The last time Powell competed on British soil, in the London Grand Prix at Crystal Palace in July last year, news broke that five Jamaican sprinters had been caught by drugs testers. On that occasion, the fuss proved to be a storm in a cough medicine bottle.

The offending substance, Methylxanthine, was a minor stimulant contained in over-the-counter cough medicine and the five athletes (Marvin Anderson, Yohan Blake, Allodin Fothergill, Lancford Spence and Sheri-Ann Brooks) all received minor suspensions of three months. This time round, the deja vu scenario is likely to conclude with a similarly light punishment for Fraser, the 23-year-old world and Olympic 100m champion.

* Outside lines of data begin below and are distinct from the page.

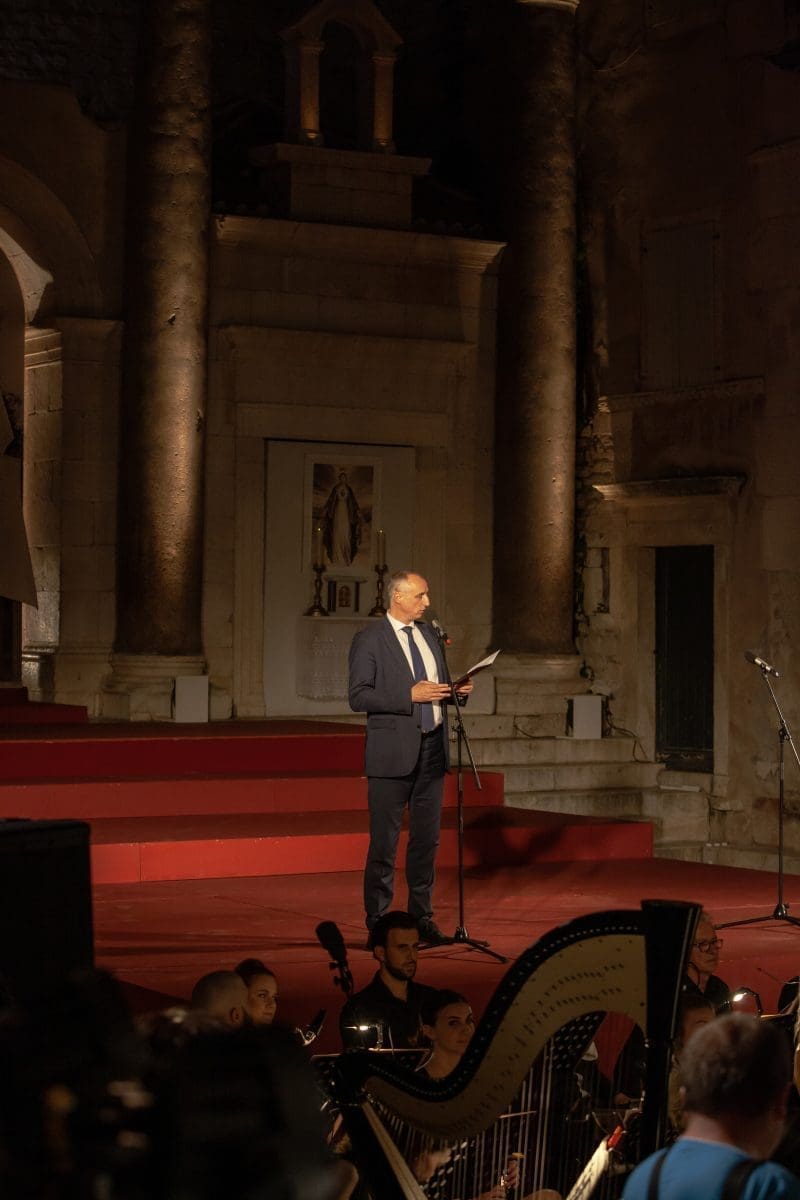 "Velika mi je čast i zadovoljstvo pozdraviti vas s jedinstvene monumentalne pozornice antičkog Peristila uoči ove najveće kulturne manifestacije. Split je grad kulture i multikulturalnosti. Postići da obje dimenzije žive paralelno i u harmoniji zadatak je i izazov svakog grada sa zaštićenom kulturnom baštinom", kazao je, između ostalog gradonačelnik Puljak i zaželio novom intendantu HNK Split i ravnatelju Splitskog ljeta Vicku Bilandžiću i njegovim suradnicama i suradnicima zaželio da uzbuđenje koje svi osjećamo pred početak Festivala pretoče u umjetničku energiju i vrhunske izvedbe.
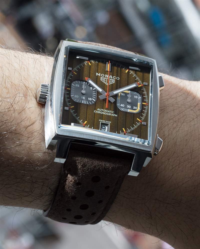 為慶祝摩納哥成立 50 周年,豪雅表決定將 50 年分割成五個十年長的部分。每個十年都會有自己的限量版手表,靈感來自那個時代的視覺效果。在 2019 年摩納哥大獎賽上,僅發(fā)布了五款限量版 50周年摩納哥腕表中的一款。這款腕表被稱為 Heuer Monaco 1969-1979 限量版,其典型特征是金屬橄欖綠色表盤,飾有垂直日內瓦波紋風格的裝飾條紋。aBlogtoWatch 在此處親身體驗了 TAG Heuer Monaco 1969-1979 限量版腕表,其中包含更多細節(jié)、圖片和背景故事。
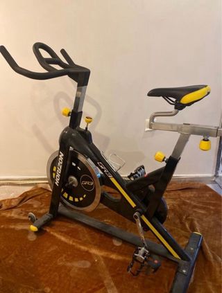 Bicicleta estática de la marca Horizon, modelo GR3. - Diseño deportivo en color negro y amarillo. - Volante de inercia visible. - Manillar y sillín ajustables.
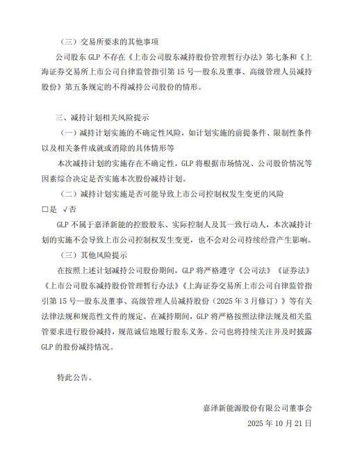 10月20日,嘉泽新能(601619)发布关于持股 5%以上股东减持股份计划公告。
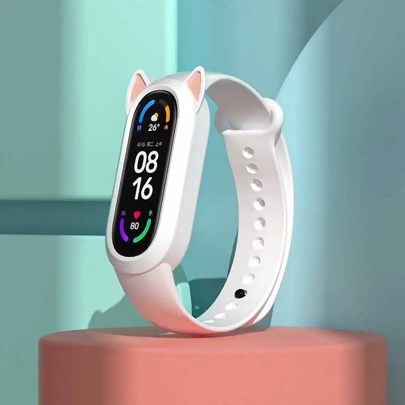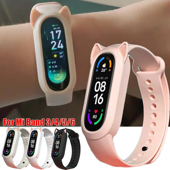 Ремешок силиконовый для Xiaomi Mi Band 6 5 4 3, сменный Браслет из ТПУ с кошачьими ушками для Xiaomi Band 4 5
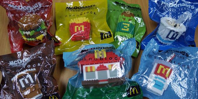 据了解,今期流行潮流玩物Nanoblock,与麦当劳推出一系列精细的以麦当劳食品为主题Nanoblock套装,色彩缤纷及高品质的塑料让人眼睛发亮,此次积木套装一共包含Big Mac汉堡、McFlurry Orea、McCafe咖啡、薯条、苹果派、汽水以及麦当劳餐厅。
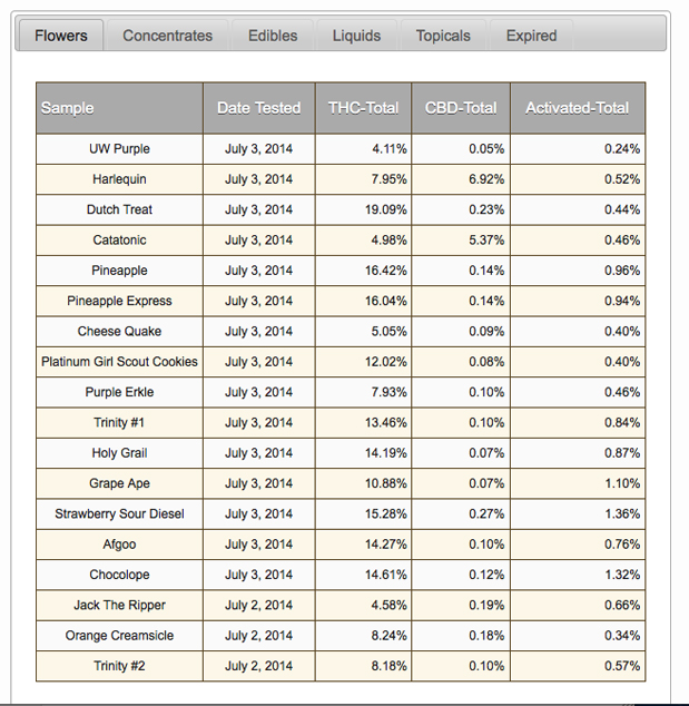 One of the licensed processors, Kouchlock Productions in Spokane (1919 E. Francis St.), had their strains tested at Analytical 360 (see report below).
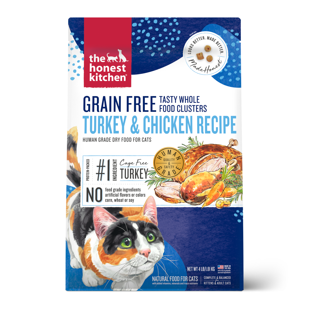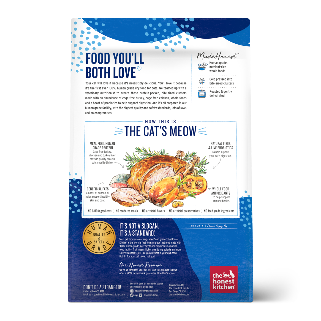 Your cat will love this savory turkey and chicken recipe because it’s irresistibly delicious. You’ll love it because it’s the first ever 100% human grade dry cat food. We teamed up with a veterinary nutritionist to create these protein-packed, bite-sized whole food clusters made with an abundance of cage free turkey and chicken, whole foods and a boost of probiotics to help support digestion. And it’s all prepared in our human grade facility with the highest quality and safety standards, lots of love and no compromises.

She had been due to join Powell in Gateshead but was withdrawn from the field for the women's 100m after it emerged in the wake of her non-appearance in the Lausanne meeting on Thursday that she had tested positive for the banned substance Oxycodon. Fraser has been suspended pending a hearing but the substance is listed on the World Anti-Doping Agency list as a narcotic – not a performance enhancer – and she could escape with a short suspension or even a public warning.

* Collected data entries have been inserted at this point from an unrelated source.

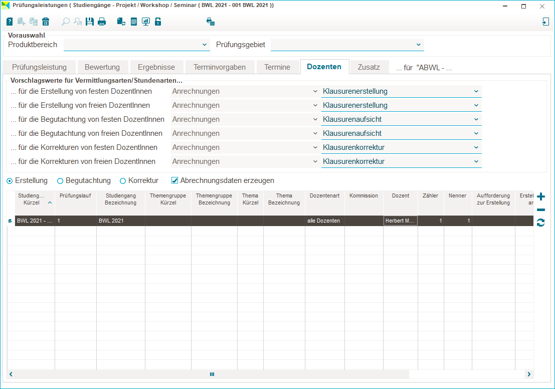 Auf der Registerkarte Dozenten legen Sie die Anrechnungstatbestände für die Erstellung, die Begutachtung und die Korrektur von Prüfungsleistungen fest.
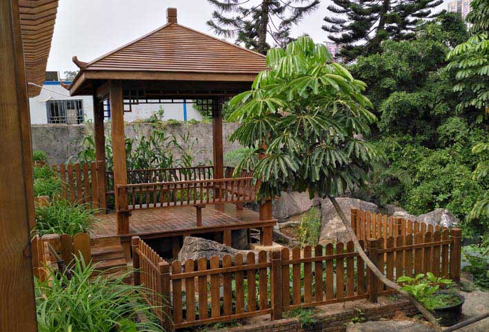 防腐木涼亭是用防腐木組建而成,它是園林景觀中的一部分,為我們的園林景觀增添了情趣,同時也為我們小憩觀景提供了便利。那么建造一個防腐木涼亭有哪些施工注意事項呢? 防腐木涼亭介紹 防腐木涼亭,其實用防腐木搭建而成的一種涼亭。因為涼亭采用的是防腐木這種獨特的木材,所以涼亭能夠長年不腐蝕,使用壽命特別的長久,因此在社會中非常的常見。現(xiàn)在我們?nèi)粘I钪性趫@林或者是其他地方看見的涼亭就是這種防腐木涼亭。其涼亭沖外觀上看來和一般的涼亭其實并沒有什么差別,而且因為防腐木獨特的木材紋理以及木色,涼亭看起來非常的古樸自然和舒適。
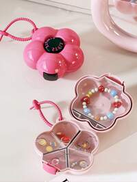 1PC Portable Dopamine-Style Pill Organizer Box – Transparent Layered Travel Case For Pills, Mini Makeup & Jewelry Storage – Floral Design, Detachable Compartments, Hanging Strap
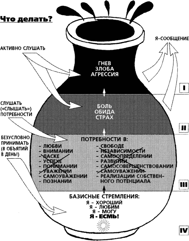 Изобразим снова «сосуд» наших эмоций. Пусть на этот раз он будет иметь форму кувшина (см. рис. 10.1)[4]. Поместим гнев, злобу и агрессию в самой верхней его части. Тут же покажем, как эти эмоции проявляются во внешнем поведении человека. Это – так, к сожалению, знакомые всем обзывания и оскорбления, ссоры и драки, наказания, действия «назло» и т. п.
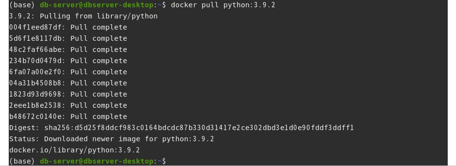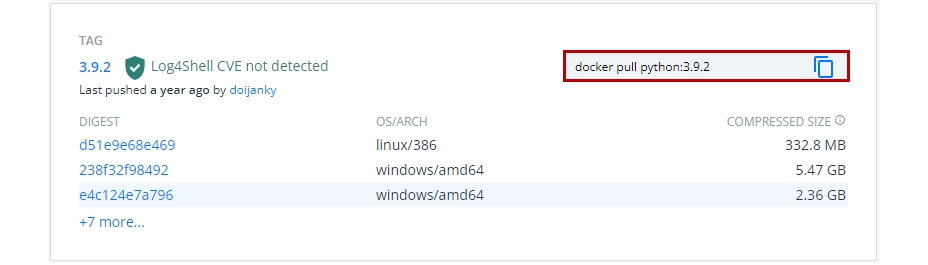 예를 들어 python:3.9.2 이미지를 로컬 PC로 다운로드하기 위해서 다음과 같이 입력한다.
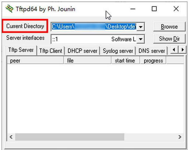 第一步:打开tftpd64.exe应用程序,查看我们需要汉化的一个英文字符串为"Current Directory"。
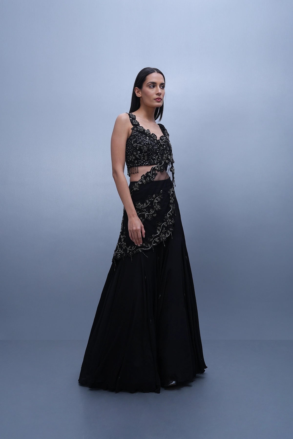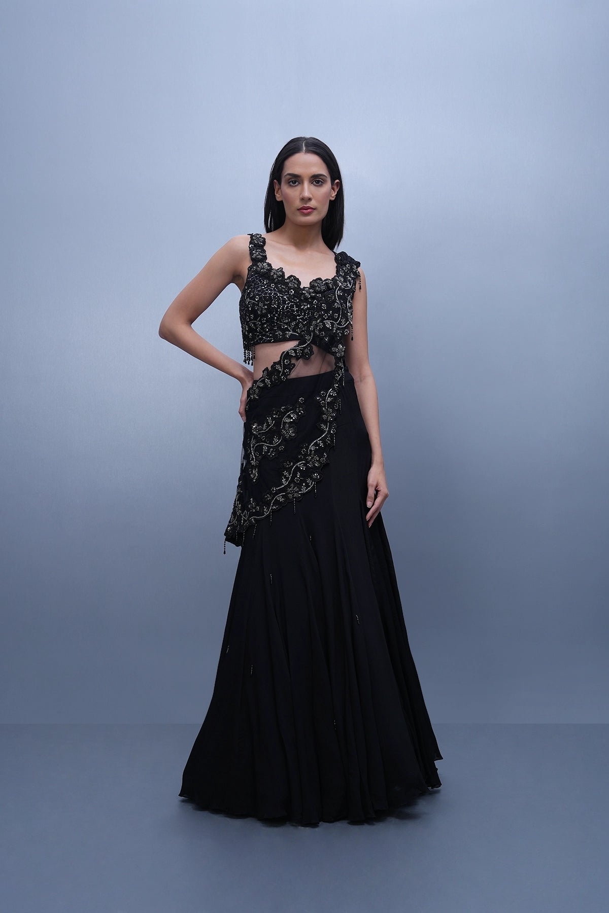Black fishcut lehenga saree set with 3D flower embellishment on the blouse

"I have heard it's nothing serious," Powell said. "It's sad that it's happening to someone in my camp but Shelly did not cheat. She took some painkillers. I think if it's not something that makes you perform well – if it's something that makes you perform worse – it shouldn't be on the banned list."

Fraser blamed the positive test on painkillers she had taken when suffering from toothache before a below-par performance at the Diamond League meeting in Shanghai in May. "I have nothing to hide," she said. "But I am upset because everybody is starting to assume I am taking drugs. My reputation is somewhat ruined."

Ben Johnson's reputation was ruined long ago but the Canadian who failed three drugs tests in the course of his tarnished sprinting career did his old sport few favours by claiming in a BBC Radio Five Live interview on Thursday night that track and field was "all corrupted." It brought a despairing scowl from Gay on the eve of the American's 100m encounter with Powell on Tyneside.

"Him saying 'I have no faith,' or whatever, that's all irrelevant in my eyes," Gay said. "Just because he used performance-enhancing drugs to accomplish what he did doesn't mean everyone else has to."